- **What the task asks**
Restate the data word for word. Leave the pictures out.

- **Data shown**
====
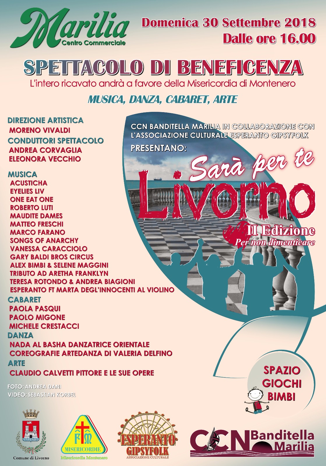 Sarà il Ccn Banditella Marilia ad ospitare la seconda edizione di “Sarà per te Livorno“, rassegna di musica, danza e cabaret a favore della Misericordia di Montenero che sia animerà sotto la direzione artistica di Moreno Vivaldi. “Sono contenta che la seconda edizione venga fatta in questo nuovo centro commerciale naturale – ha sottolineato l’assessore al commercio Paola Baldari – Lo scorso anno fu un evento di grande portata e sono sicura che domenica 30 settembre pomeriggio sarà un successo”. Tra i tanti artisti che parteciperanno figurano il comico Paolo Migone, la compagnia di ballo “Artedanza” ed i Garibaldi Bros. Soddisfazione per il direttore artistico e vice presidente dell’associazione culturale Esperanto GipsyFolk: “Sono onorato di avere la direzione artistica anche per questa edizione, ancora di più se si parla di beneficenza”. Sì, perché l’intero ricavato (l’ingresso è a offerta libera, ndr) sarà devoluto alla Misericordia di Montenero per la riparazione di alcuni mezzi danneggiati dall’alluvione.
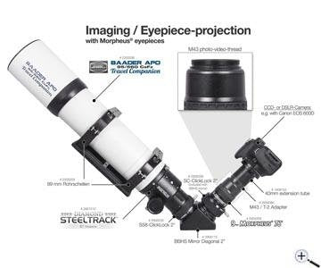 Il design pratico è l'obiettivo principale: metallo minimo per tenere a bada il peso, ottimizzazione per l'osservazione binoculare, filettatura foto-video e i nuovissimi bordi di sicurezza da 1,25" e 2" per evitare lo slittamento (senza sottosquadro). Di notte, apprezzerete il fondino per l'oculare a estrazione rapida e l'incisione foto-luminescente. Imaging / Proiezione dell'oculare: mostra l'oculare Morpheus® sul focheggiatore Diamond-Steeltrack da 2" con adattatori opzionali, ad esempio per il montaggio di una fotocamera DSLR sulla filettatura dell'adattatore foto-video M43.
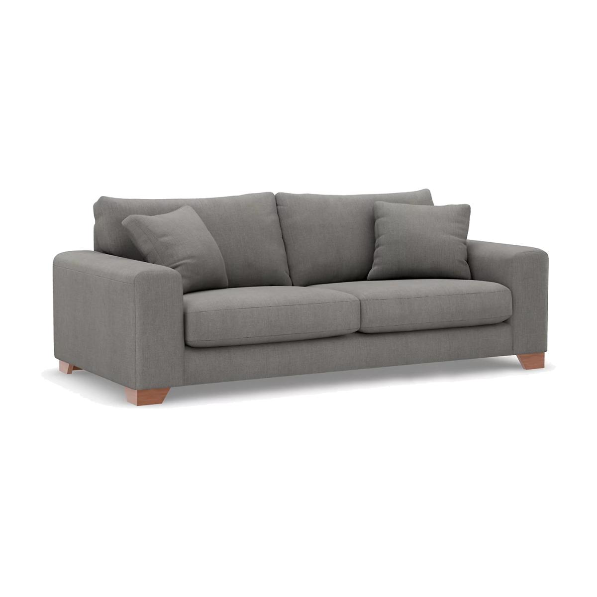 I love this sofa for its clean, timeless design that works well in both modern and more classic interiors. Its substantial size makes it perfect for larger living spaces or open-plan rooms, offering plenty of seating for family and guests. The neutral grey tone makes it versatile, easy to style with colourful or textured accessories, such as patterned cushions or throws. Practical styling tips include pairing it with a mix of soft, cosy cushions to add comfort and visual interest, and placing a statement rug underneath to anchor the space. It also works well with both wooden and metal accents, so you can tailor the look to your overall scheme. Overall, this piece lends itself to a flexible, welcoming vibe, whether styled minimalistically or layered with eclectic accessories.
====
- **Task answer**
 Sarà il Ccn Banditella Marilia ad ospitare la seconda edizione di “Sarà per te Livorno“, rassegna di musica, danza e cabaret a favore della Misericordia di Montenero che sia animerà sotto la direzione artistica di Moreno Vivaldi. “Sono contenta che la seconda edizione venga fatta in questo nuovo centro commerciale naturale – ha sottolineato l’assessore al commercio Paola Baldari – Lo scorso anno fu un evento di grande portata e sono sicura che domenica 30 settembre pomeriggio sarà un successo”. Tra i tanti artisti che parteciperanno figurano il comico Paolo Migone, la compagnia di ballo “Artedanza” ed i Garibaldi Bros. Soddisfazione per il direttore artistico e vice presidente dell’associazione culturale Esperanto GipsyFolk: “Sono onorato di avere la direzione artistica anche per questa edizione, ancora di più se si parla di beneficenza”. Sì, perché l’intero ricavato (l’ingresso è a offerta libera, ndr) sarà devoluto alla Misericordia di Montenero per la riparazione di alcuni mezzi danneggiati dall’alluvione.
 Il design pratico è l'obiettivo principale: metallo minimo per tenere a bada il peso, ottimizzazione per l'osservazione binoculare, filettatura foto-video e i nuovissimi bordi di sicurezza da 1,25" e 2" per evitare lo slittamento (senza sottosquadro). Di notte, apprezzerete il fondino per l'oculare a estrazione rapida e l'incisione foto-luminescente. Imaging / Proiezione dell'oculare: mostra l'oculare Morpheus® sul focheggiatore Diamond-Steeltrack da 2" con adattatori opzionali, ad esempio per il montaggio di una fotocamera DSLR sulla filettatura dell'adattatore foto-video M43.
 I love this sofa for its clean, timeless design that works well in both modern and more classic interiors. Its substantial size makes it perfect for larger living spaces or open-plan rooms, offering plenty of seating for family and guests. The neutral grey tone makes it versatile, easy to style with colourful or textured accessories, such as patterned cushions or throws. Practical styling tips include pairing it with a mix of soft, cosy cushions to add comfort and visual interest, and placing a statement rug underneath to anchor the space. It also works well with both wooden and metal accents, so you can tailor the look to your overall scheme. Overall, this piece lends itself to a flexible, welcoming vibe, whether styled minimalistically or layered with eclectic accessories.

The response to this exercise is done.